= Mari-Jo P. Ruiz =

Filipina mathematician

Mari-Jo P. Ruiz (1943–2022) was a Filipina mathematician and professor of mathematics at Ateneo de Manila University.
Ruiz specialized in graph theory and operations research.

==Education and career==
Ruiz grew up in Manila, and was educated at College of the Holy Spirit Manila. She graduated from Marymount Manhattan College in New York City in 1963, and soon afterward completed a master's degree at New York University. She joined the Ateneo de Manila faculty in 1965, eight years before the school began accepting women as students.
She chose academia over a competing job offer from industry because at the time it paid slightly better. She acquired the nickname "Mustang Mary" at this time, because of the Ford Mustang that she drove.
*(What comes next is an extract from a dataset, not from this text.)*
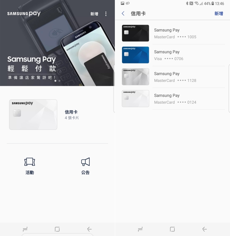 Samsung Pay 的使用方式很簡單,只要事先將信用卡加入 APP 裡,之後只要開啟 Samsung Pay 選擇要使用的信用卡。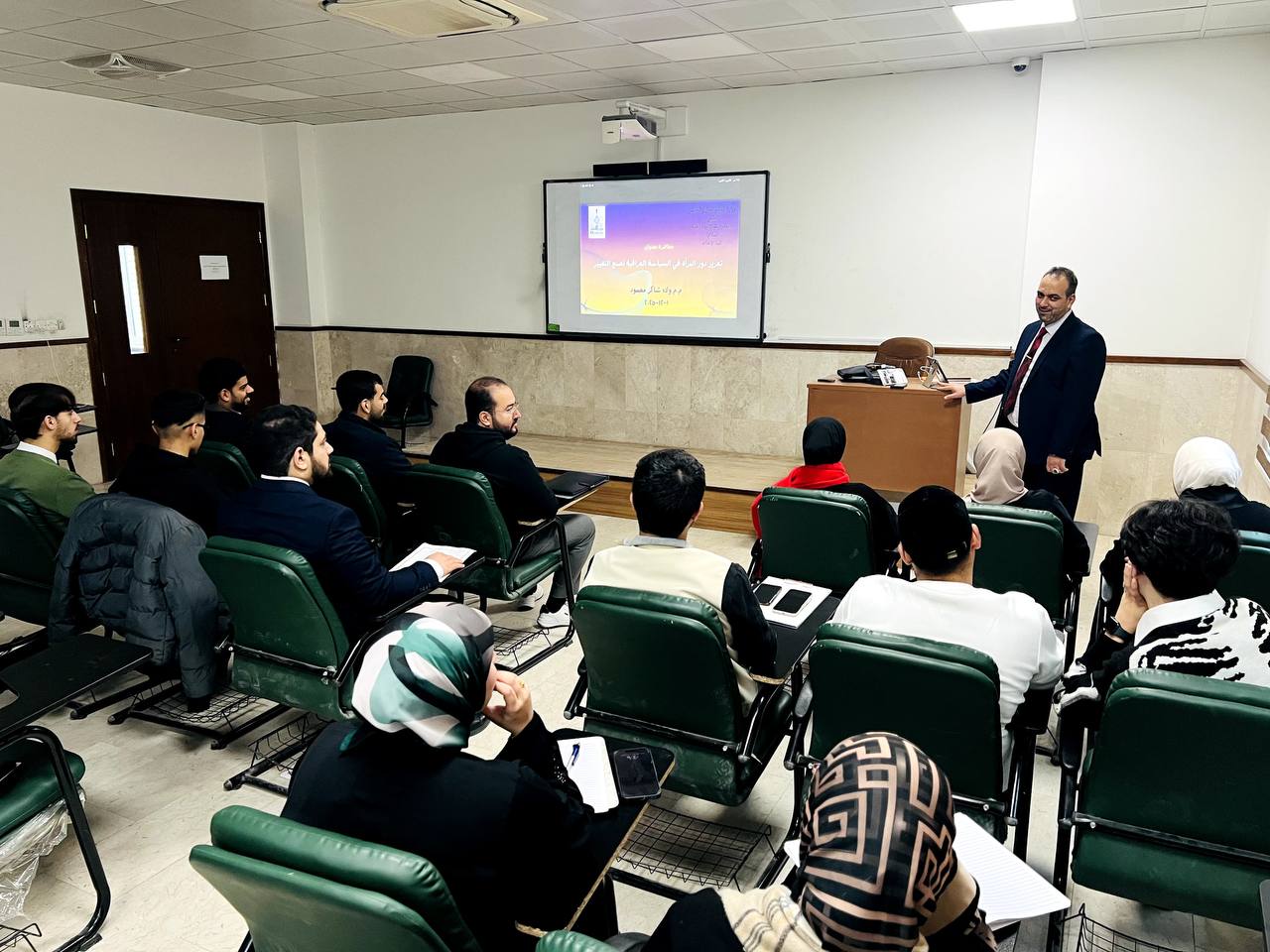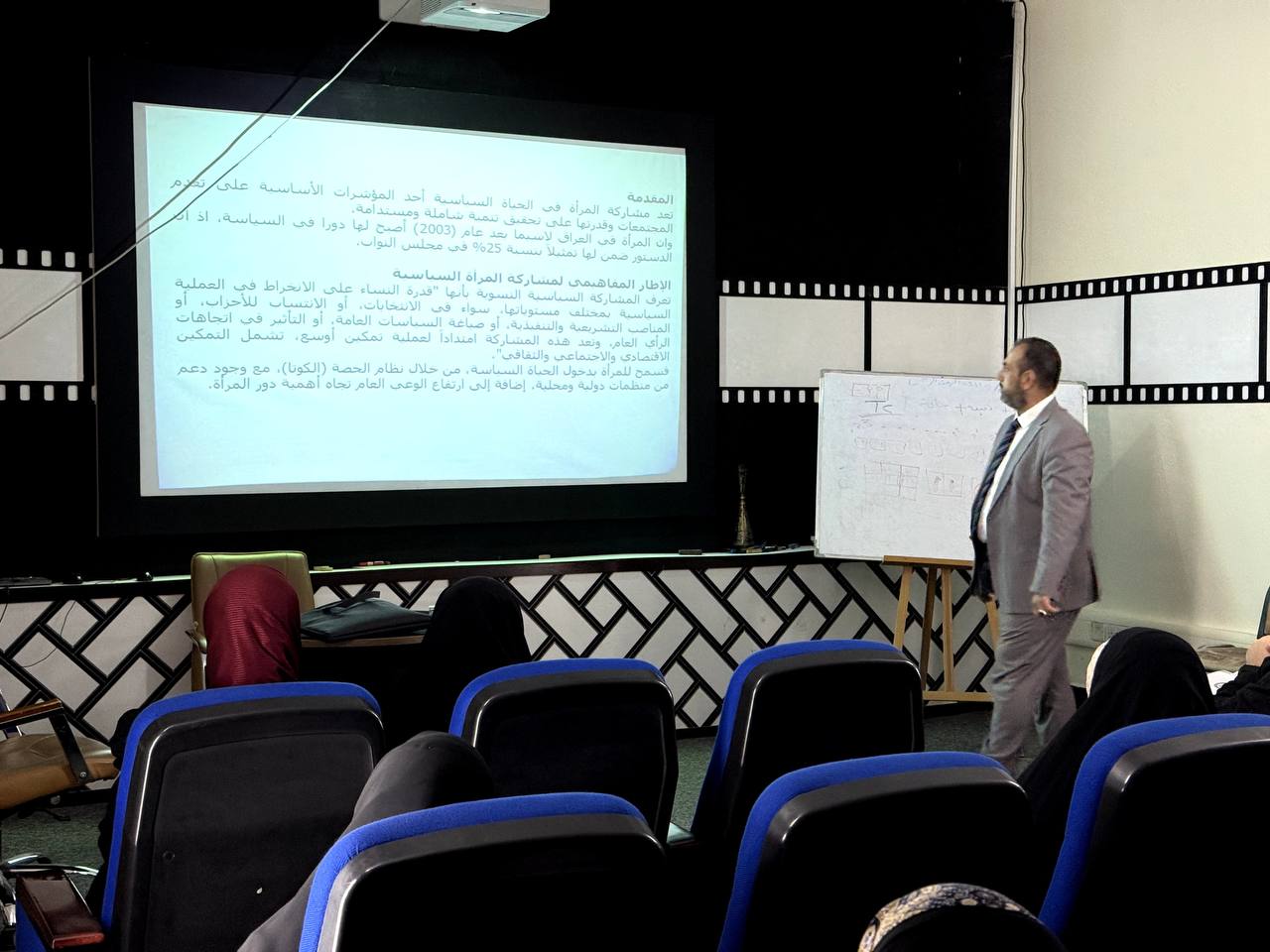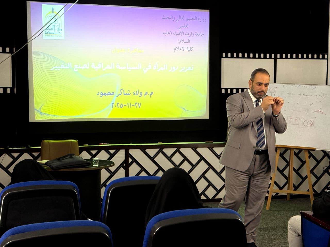 اقامت كلية الاعلام في جامعة وارث الانبياء عليه السلام، ندوة علمية حملت عنوان "تعزيز دور المرأة في السياسة العراقية لصنع التغيير" قدمها التدريسي في الكلية الاستاذ (ولاء شاكر محمود)، بين من خلالها ان المشاركة السياسية النسوية يعنى بها قدرة النساء على الانخراط في العملية السياسية بمختلف مستوياتها، سواء في الانتخابات، أو الانتساب للأحزاب، أو المناصب التشريعية والتنفيذية، أو صياغة السياسات العامة، أو التأثير في اتجاهات الرأي العام، وهي تمثل امتداداً لعملية تمكين أوسع، تشمل التمكين الاقتصادي والاجتماعي والثقافي.

Ruiz completed her PhD at Ateneo in 1981.
At Ateneo, she served as chair of mathematics, chair of management engineering, dean of arts and sciences, and trustee. She retired to become a professor emeritus in 2009. She died on 29 December 2022 at the age of 79.

==Book==
With Jin Akiyama, she was the author of the book A Day’s Adventure in Math Wonderland (World Scientific, 2008; translated into 7 other languages).

==Recognition==
The College of the Holy Spirit Alumnae Foundation gave Ruiz their Distinguished Alumna in Education Award in 2001.
In 2014, Ateneo gave Ruiz their Lux-in-Domino Award.